Input data

◆ ◆ ◆ ◆ ◆ ◆ ◆

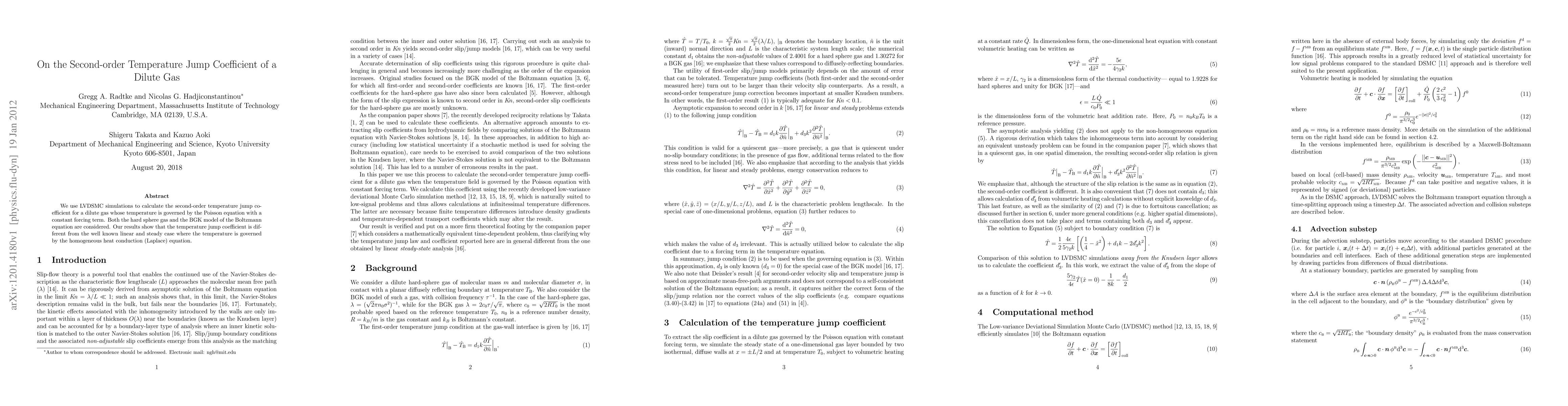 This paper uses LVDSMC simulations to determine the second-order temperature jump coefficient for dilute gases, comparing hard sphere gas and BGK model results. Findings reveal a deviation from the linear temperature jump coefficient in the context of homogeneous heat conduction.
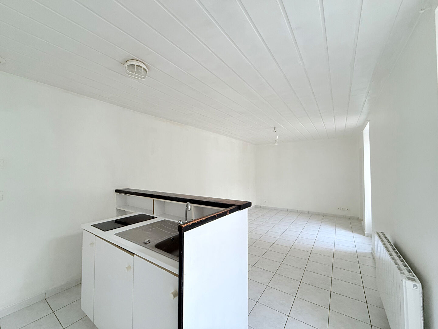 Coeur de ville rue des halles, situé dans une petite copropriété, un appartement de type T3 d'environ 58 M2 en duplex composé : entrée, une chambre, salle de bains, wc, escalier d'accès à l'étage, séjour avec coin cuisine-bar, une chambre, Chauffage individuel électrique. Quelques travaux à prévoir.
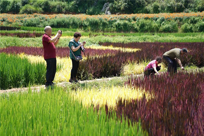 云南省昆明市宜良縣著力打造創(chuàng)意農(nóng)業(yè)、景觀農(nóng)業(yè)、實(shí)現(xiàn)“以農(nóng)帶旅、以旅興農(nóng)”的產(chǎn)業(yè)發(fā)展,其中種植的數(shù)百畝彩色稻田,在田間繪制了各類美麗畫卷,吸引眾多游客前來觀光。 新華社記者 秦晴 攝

◆ ◆ ◆ ◆ ◆ ◆ ◆

Please print the data above in its entirety, exactly, but without any picture.

Exercise result
 This paper uses LVDSMC simulations to determine the second-order temperature jump coefficient for dilute gases, comparing hard sphere gas and BGK model results. Findings reveal a deviation from the linear temperature jump coefficient in the context of homogeneous heat conduction.
 Coeur de ville rue des halles, situé dans une petite copropriété, un appartement de type T3 d'environ 58 M2 en duplex composé : entrée, une chambre, salle de bains, wc, escalier d'accès à l'étage, séjour avec coin cuisine-bar, une chambre, Chauffage individuel électrique. Quelques travaux à prévoir.
 云南省昆明市宜良縣著力打造創(chuàng)意農(nóng)業(yè)、景觀農(nóng)業(yè)、實(shí)現(xiàn)“以農(nóng)帶旅、以旅興農(nóng)”的產(chǎn)業(yè)發(fā)展,其中種植的數(shù)百畝彩色稻田,在田間繪制了各類美麗畫卷,吸引眾多游客前來觀光。 新華社記者 秦晴 攝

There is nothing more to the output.